Exercise goal
Give again, word for word, the lines below that run from the line with "このような社会問題を解決すべ" through the line with "6.牛肉粒在锅中炒1~2分钟,炒至其变成这样两面焦焦的状态,也差不多七八分熟;". Drop the pictures.

Data records

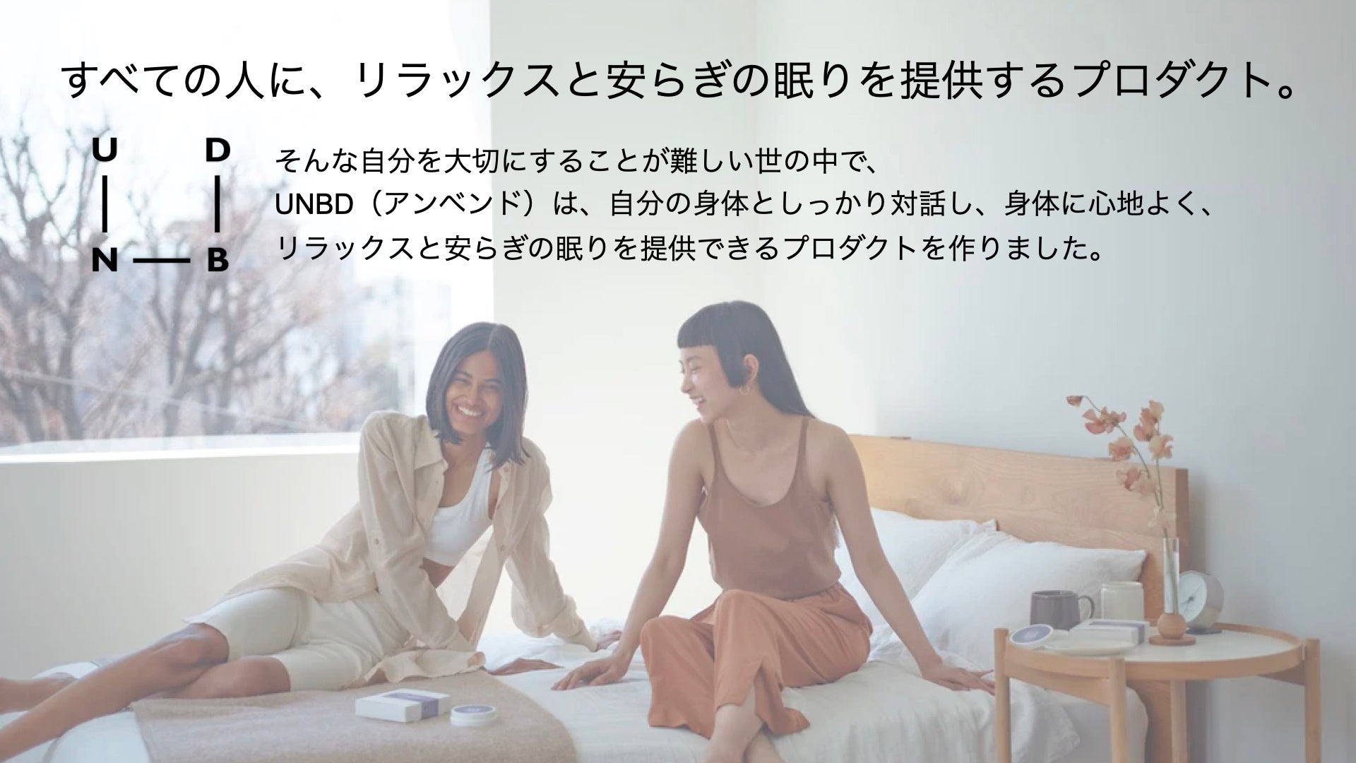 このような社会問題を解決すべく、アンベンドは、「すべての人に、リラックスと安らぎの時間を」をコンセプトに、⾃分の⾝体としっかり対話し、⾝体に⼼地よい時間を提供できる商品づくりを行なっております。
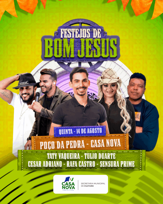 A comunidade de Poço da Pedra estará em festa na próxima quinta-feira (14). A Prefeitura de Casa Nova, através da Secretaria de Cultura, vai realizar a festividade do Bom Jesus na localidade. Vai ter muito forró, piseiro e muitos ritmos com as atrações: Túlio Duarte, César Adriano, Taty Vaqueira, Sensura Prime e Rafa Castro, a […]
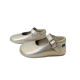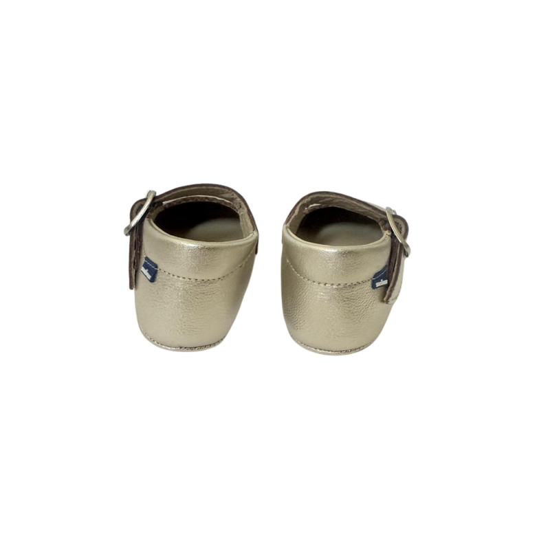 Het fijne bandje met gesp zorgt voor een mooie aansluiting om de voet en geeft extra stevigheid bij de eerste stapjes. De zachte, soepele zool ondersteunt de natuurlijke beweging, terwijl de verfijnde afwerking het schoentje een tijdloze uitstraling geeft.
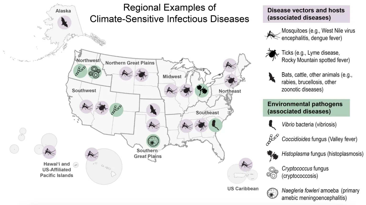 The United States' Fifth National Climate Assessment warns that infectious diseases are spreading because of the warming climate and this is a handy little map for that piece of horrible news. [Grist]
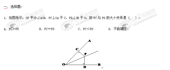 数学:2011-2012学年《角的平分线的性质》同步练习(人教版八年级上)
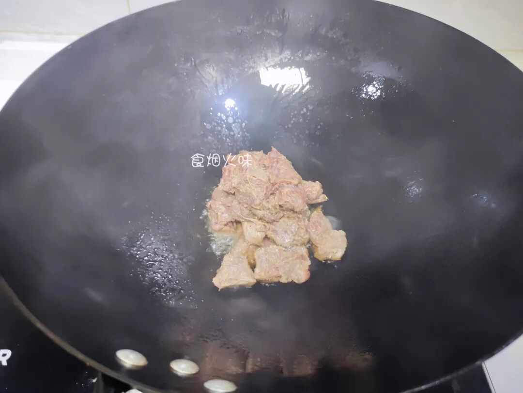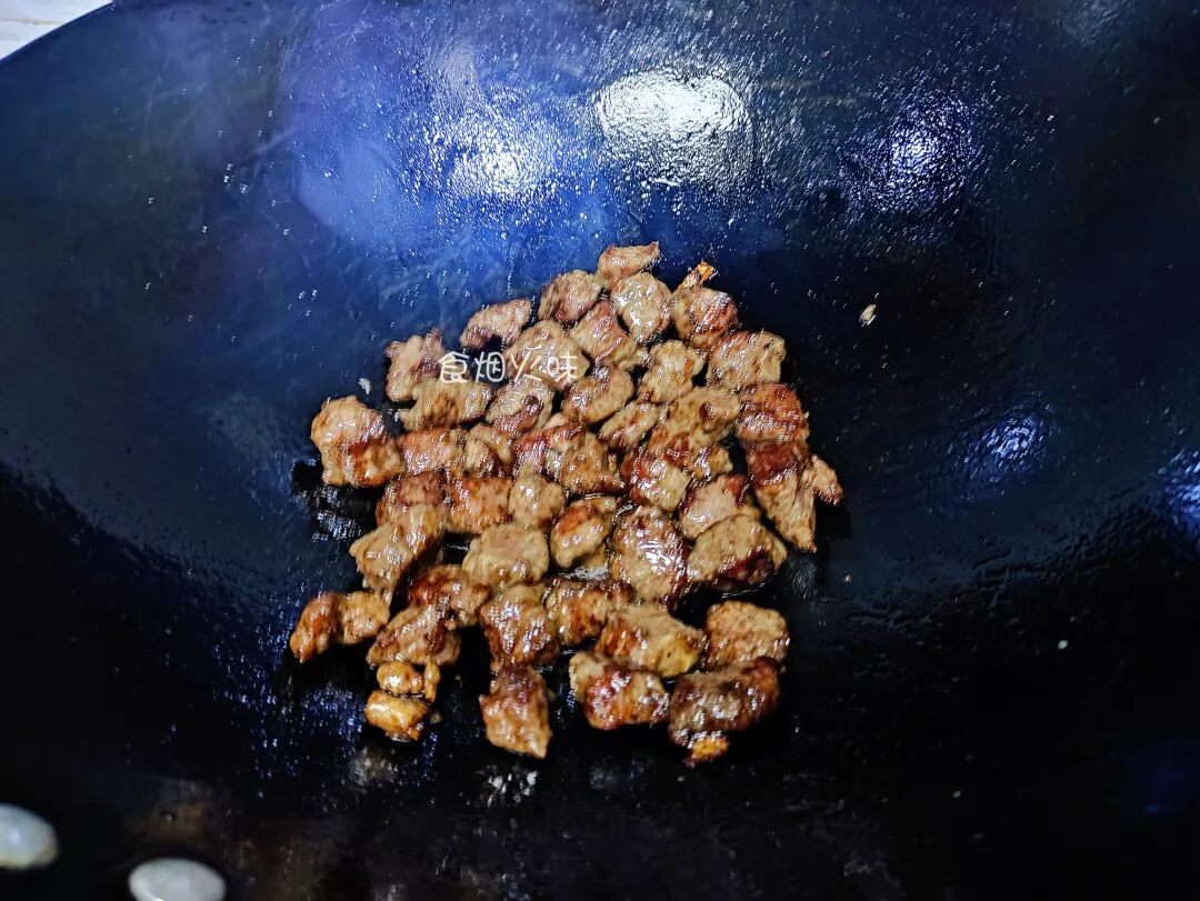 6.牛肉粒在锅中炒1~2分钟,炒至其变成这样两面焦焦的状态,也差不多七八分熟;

==

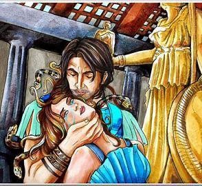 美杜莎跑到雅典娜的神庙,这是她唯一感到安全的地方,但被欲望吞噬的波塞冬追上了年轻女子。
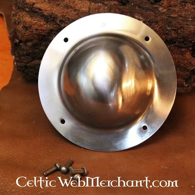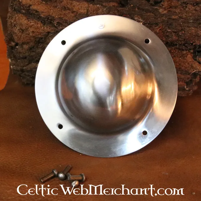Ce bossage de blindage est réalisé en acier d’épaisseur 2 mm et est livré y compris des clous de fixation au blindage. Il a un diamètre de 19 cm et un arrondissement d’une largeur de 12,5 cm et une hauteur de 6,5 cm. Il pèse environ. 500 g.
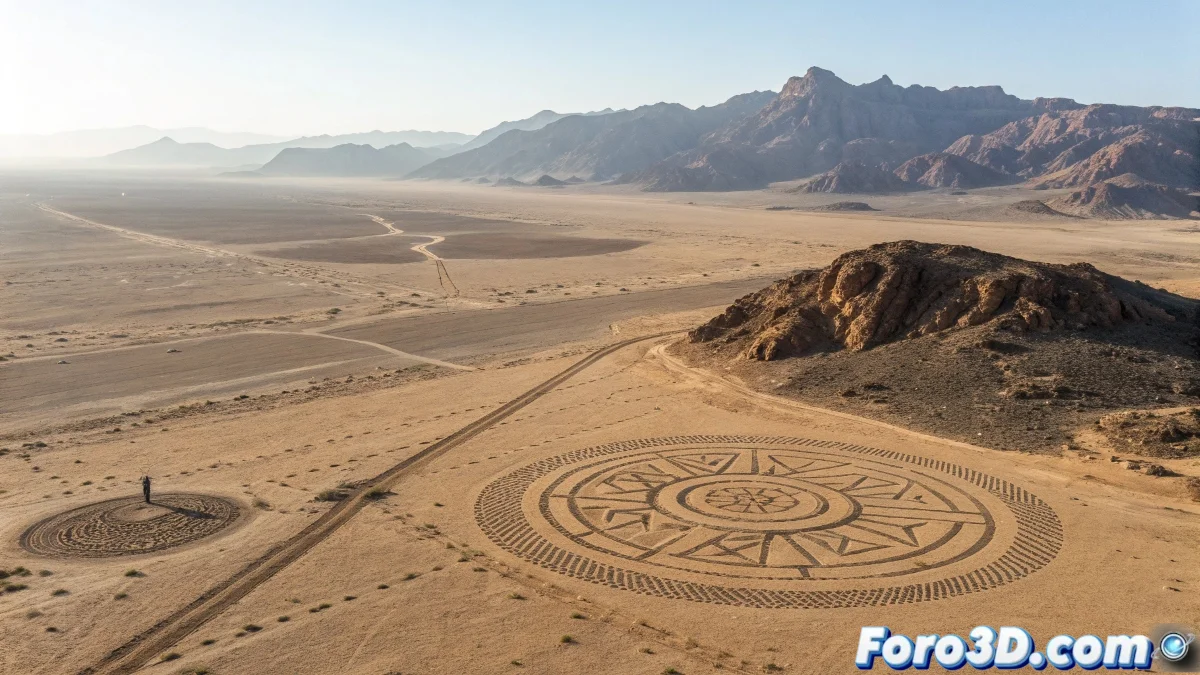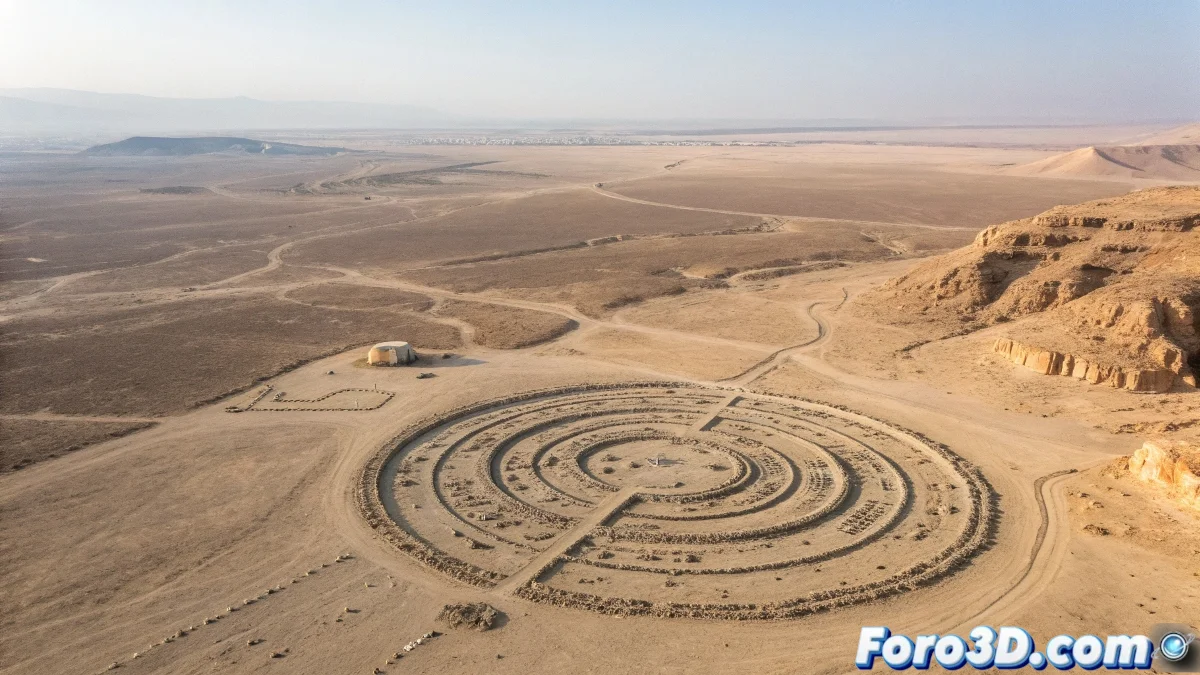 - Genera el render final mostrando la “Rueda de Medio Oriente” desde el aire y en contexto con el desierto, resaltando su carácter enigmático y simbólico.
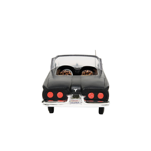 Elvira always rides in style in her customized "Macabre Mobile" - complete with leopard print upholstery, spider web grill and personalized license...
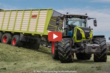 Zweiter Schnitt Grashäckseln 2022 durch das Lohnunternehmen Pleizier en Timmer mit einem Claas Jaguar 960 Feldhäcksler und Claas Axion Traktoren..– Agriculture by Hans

Reply
 このような社会問題を解決すべく、アンベンドは、「すべての人に、リラックスと安らぎの時間を」をコンセプトに、⾃分の⾝体としっかり対話し、⾝体に⼼地よい時間を提供できる商品づくりを行なっております。
 A comunidade de Poço da Pedra estará em festa na próxima quinta-feira (14). A Prefeitura de Casa Nova, através da Secretaria de Cultura, vai realizar a festividade do Bom Jesus na localidade. Vai ter muito forró, piseiro e muitos ritmos com as atrações: Túlio Duarte, César Adriano, Taty Vaqueira, Sensura Prime e Rafa Castro, a […]
 Het fijne bandje met gesp zorgt voor een mooie aansluiting om de voet en geeft extra stevigheid bij de eerste stapjes. De zachte, soepele zool ondersteunt de natuurlijke beweging, terwijl de verfijnde afwerking het schoentje een tijdloze uitstraling geeft.
 The United States' Fifth National Climate Assessment warns that infectious diseases are spreading because of the warming climate and this is a handy little map for that piece of horrible news. [Grist]
 数学:2011-2012学年《角的平分线的性质》同步练习(人教版八年级上)
 6.牛肉粒在锅中炒1~2分钟,炒至其变成这样两面焦焦的状态,也差不多七八分熟;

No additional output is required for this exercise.